Time for the real test!

We need to locate Spark in the system. For that, we import findspark and use the findspark.init() method.

In [None]:
import findspark
findspark.init()

In [None]:
findspark.find()

'/content/spark-3.2.1-bin-hadoop3.2'

Now, we can import SparkSession from pyspark.sql and create a SparkSession, which is the entry point to Spark.

You can give a name to the session using appName() and add some configurations with config() if you wish.

Extra material: https://sparkbyexamples.com/pyspark/pyspark-what-is-sparksession/

In [None]:
# SparkSession : punto de entrada a PySpark para trabajar con RDD / Dataframes

from pyspark.sql import SparkSession

spark = SparkSession.builder.getOrCreate()

In [None]:
spark

Import data!

This dataset was obtained from : https://datahack.analyticsvidhya.com/contest/black-friday/#ProblemStatement

In [None]:
!gdown https://drive.google.com/uc?id=1LnlIF2s8deJAgBQ2-wSso_yXM6_yVU9d

Downloading...
From: https://drive.google.com/uc?id=1LnlIF2s8deJAgBQ2-wSso_yXM6_yVU9d
To: /content/train.csv
100% 25.5M/25.5M [00:00<00:00, 145MB/s] 


### Business Problem:

A retail company “ABC Private Limited” wants to understand the customer purchase behaviour (specifically, purchase amount) against various products of different categories. They have shared purchase summary of various customers for selected high volume products from last month.
The data set also contains customer demographics (age, gender, marital status, city_type, stay_in_current_city), product details (product_id and product category) and Total purchase_amount from last month.

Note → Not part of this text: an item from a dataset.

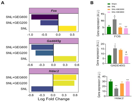 Gene expression analysis of selected neuroinflammation factors, i.e., Fos, Gadd45g, and Hdac2 between groups (A); mRNA expression assessed by qRT-PCR (B). (A) Genes show differential expression between all groups, i.e., p-value < 0.05 and fold change > 1.25. Log2-fold change in gene expression is shown along the x-axis. SNL indicates fold change between SNL vs. sham, SNL + GEG200 indicates fold change between SNL + GEG200 vs. SNL, and SNL + GEG600 indicates fold change between SNL + GEG600 vs. SNL. (B) Fos, Gadd45g, and Hdac2 significantly increased in SNL rats (* p < 0.05, ** p < 0.01 one-way ANOVA, n = 9) compared to sham rats. SNL + GEG200-group rats showed decreased Fos expression (++ p < 0.01 one-way ANOVA, n = 9), but not Gadd45g and Hdac2 expression, compared to SNL rats. SNL + GEG600-group rats showed decreased Fos, Gadd45g, and Hdac2 expression (++ p < 0.01 one-way ANOVA, n = 9) compared to SNL rats. SNL + GEG600-group rats showed decreased Gadd45g expression (# p < 0.05 one-way ANOVA, n = 9) compared to SNL + 200-group rats. Abbreviation: Fos, FBJ osteosarcoma oncogene; Gadd45g, growth arrest and DNA-damage-inducible 45 gamma; Hdac2, histone deacetylase 2.

Now, they want to build a model to predict the purchase amount of customer against various products which will help them to create personalized offer for customers against different products.

## Reading csv files

If you are curious, please find below how to read different files types with Spark:

https://www.analyticsvidhya.com/blog/2020/10/data-engineering-101-data-sources-apache-spark/?utm_source=blog&utm_medium=working-with-pyspark-on-google-colab-for-data-scientists

In [None]:
df = spark.read.csv("train.csv", header=True)

## Show data

In [None]:
df.show(5)

+-------+----------+------+----+----------+-------------+--------------------------+--------------+------------------+------------------+------------------+--------+
|User_ID|Product_ID|Gender| Age|Occupation|City_Category|Stay_In_Current_City_Years|Marital_Status|Product_Category_1|Product_Category_2|Product_Category_3|Purchase|
+-------+----------+------+----+----------+-------------+--------------------------+--------------+------------------+------------------+------------------+--------+
|1000001| P00069042|     F|0-17|        10|            A|                         2|             0|                 3|              null|              null|    8370|
|1000001| P00248942|     F|0-17|        10|            A|                         2|             0|                 1|                 6|                14|   15200|
|1000001| P00087842|     F|0-17|        10|            A|                         2|             0|                12|              null|              null|    1422|
|100

## Show column details

In [None]:
df.printSchema()

root
 |-- User_ID: string (nullable = true)
 |-- Product_ID: string (nullable = true)
 |-- Gender: string (nullable = true)
 |-- Age: string (nullable = true)
 |-- Occupation: string (nullable = true)
 |-- City_Category: string (nullable = true)
 |-- Stay_In_Current_City_Years: string (nullable = true)
 |-- Marital_Status: string (nullable = true)
 |-- Product_Category_1: string (nullable = true)
 |-- Product_Category_2: string (nullable = true)
 |-- Product_Category_3: string (nullable = true)
 |-- Purchase: string (nullable = true)



## Official description
User_ID	-> User ID <br>
Product_ID	-> Product ID <br>
Gender	-> Sex of User <br>
Age	-> Age in bins <br>
Occupation	-> Occupation (Masked) <br>
City_Category	-> Category of the City (A,B,C) <br>
Stay_In_Current_City_Years	-> Number of years stay in current city <br>
Marital_Status	-> Marital Status <br>
Product_Category_1	-> Product Category (Masked) <br>
Product_Category_2	-> Product may belongs to other category also (Masked) <br>
Product_Category_3	-> Product may belongs to other category also (Masked) <br>
Purchase	-> Purchase Amount (Target Variable) <br>

### Number of rows and columns in DF

In [None]:
df.count(), len(df.columns)

(550068, 12)

## Display specific column

In [None]:
df.select("User_ID","Gender","Age","Occupation").show(5)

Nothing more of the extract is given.